Submission date: 2023-03-06
Final revision date: 2023-11-11
Acceptance date: 2024-02-04
Online publication date: 2024-02-06
Publication date: 2024-02-06
Corresponding author
Abdelhakim Azzedine
Mathematical Modeling and Numerical Simulation Research Laboratory, Faculty of Sciences, Badji Mokhtar University, BP12, Annaba, Algeria.

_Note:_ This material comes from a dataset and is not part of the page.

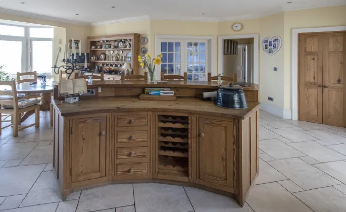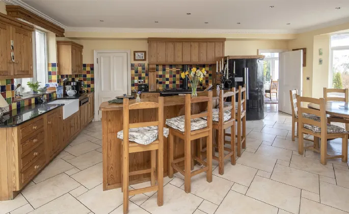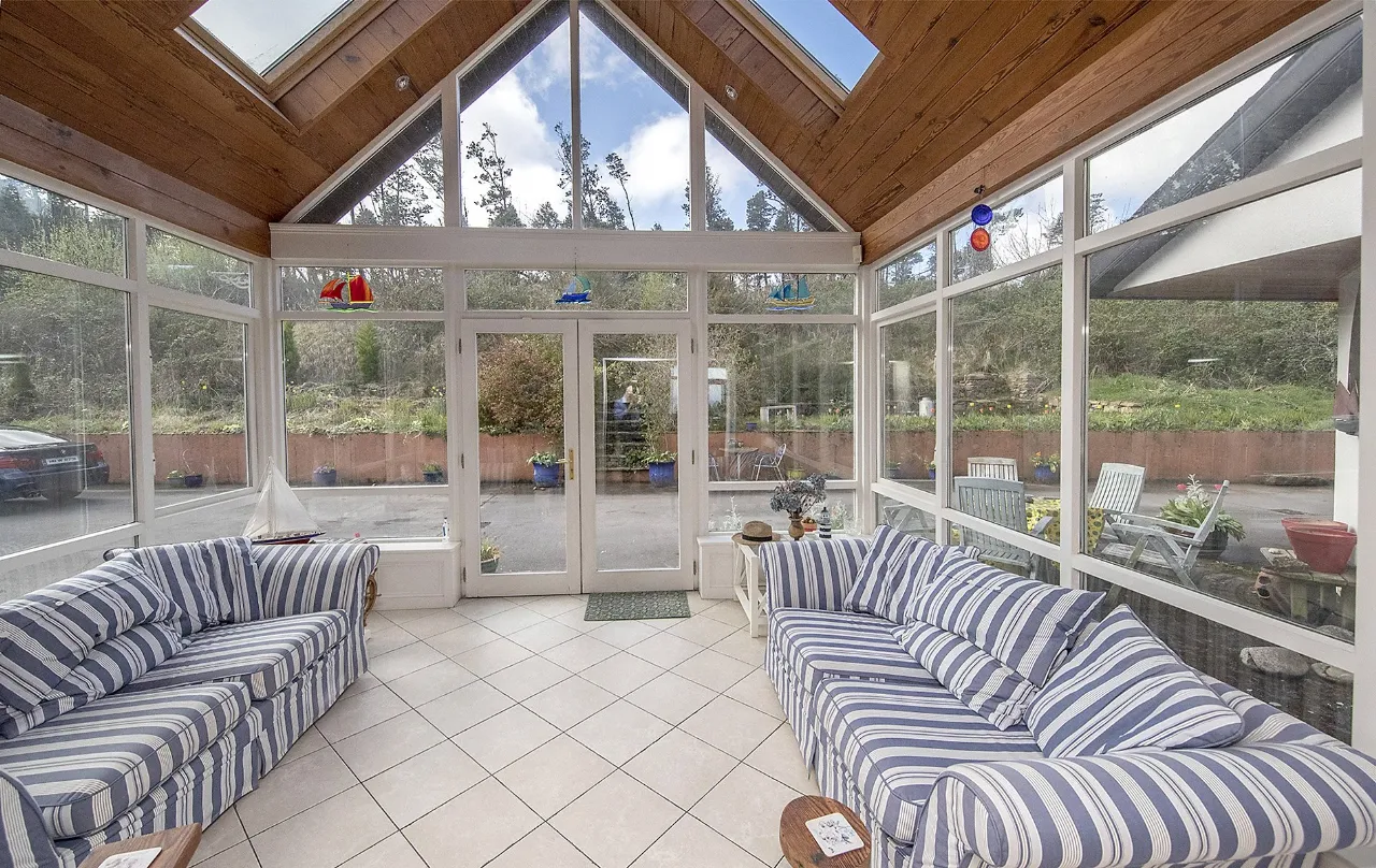 The open plan living and adjoining dining area is the heart of the house and has stunning american oak flooring, feature fireplace and French doors to the decking area to take in the views. The kitchen is very homely with a Stanley Range and opens to the rear sun lounge which is a haven of relaxation with an influx of light from all angles.

Diagnostyka 2024;25(1):2024213
KEYWORDS
TOPICS
ABSTRACT
A highly complex dynamic non-linear reactor is the blast furnace iron manufacturing system. It has potential hazards like carbon monoxide, wide variety of chemical reactions, fire, high pressure and explosion, noise, split and fall, hot metal sparks, emission of air contaminants like particulate matter, hit etc. To do work safely, organization must take the required measures to manage the risks and their effects. The approach for risk assessment discussed in this paper aims to increase blast furnace safety performance and prevent workers from accidents. This approach uses probability distribution and an improved machine learning techniques such as radial basis function artificial neural networks (RBANN). The novelty here is to calculate a multivariate risk using a proposed method, namely exponential smoothing combined with radial basis function artificial neural networks (ES-RBANN). To identify their limits, the results of a research comparing conventional and novel techniques are confirmed using real data collected from the steel production operations ArcelorMittal-Annaba, Algeria.
ACKNOWLEDGEMENTS
The authors are extremely appreciative to ArcelorMittal Annaba Algeria for supplying the reliable data necessary to complete this modest work.
FUNDING
This research received no external funding.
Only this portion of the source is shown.